在一切未知的前提下,她必须要利用现有的把柄。
他现在还不会碰她,不然昨夜就已经破了她的身,只有明白他究竟是如何想的,她才能从他的平安逃脱。
“阿兄。”她在水中扬起洇湿在雾气中的小脸,无害地凝着他,“我们什么时候回去?昨夜我一夜未归,濛濛与阿宁恐怕会担心我。”

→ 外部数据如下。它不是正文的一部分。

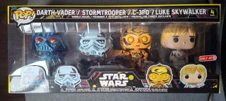 Pack de 4 figuras Funko Pop! de Star Wars. - Incluye Darth Vader, Stormtrooper, C-3PO y Luke Skywalker. - Figuras tipo bobble-head. - Edición exclusiva Only At Target.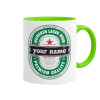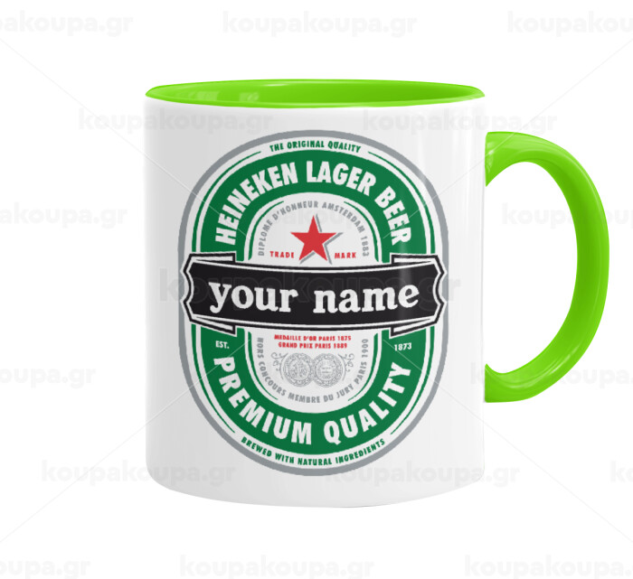 Heineken with name, Mug colored light green, ceramic, 330ml

息扶藐浅笑地看着她在水中,蜷缩四肢的警惕动作,漫不经心地陪她演,“昨夜妹妹喝醉后,哭着要去祭拜,所以哥哥带妹妹前去祭拜亲生父母,顺便也带妹妹去散散心。”
这混账东西,就没想过带她回息府。
可带她来这里……
孟婵音压下微乱的心跳,心中浮起不安。
他睨视她脸上细微的变化,慢悠悠续说:“归期不定。”
闻言,孟婵音彻底绷直了脸,不可思议地望着他。
难怪他如此不紧不慢,原来她早就是他的囊中之物了。
她想起了很久之前,那时她的身份刚被发现,他守在门外说的那句话潜在之意。
只要她在息府,就还是他的妹妹,阿兄依旧是阿兄,若是出了息府,阿兄不再是阿兄,而是任何一个男人。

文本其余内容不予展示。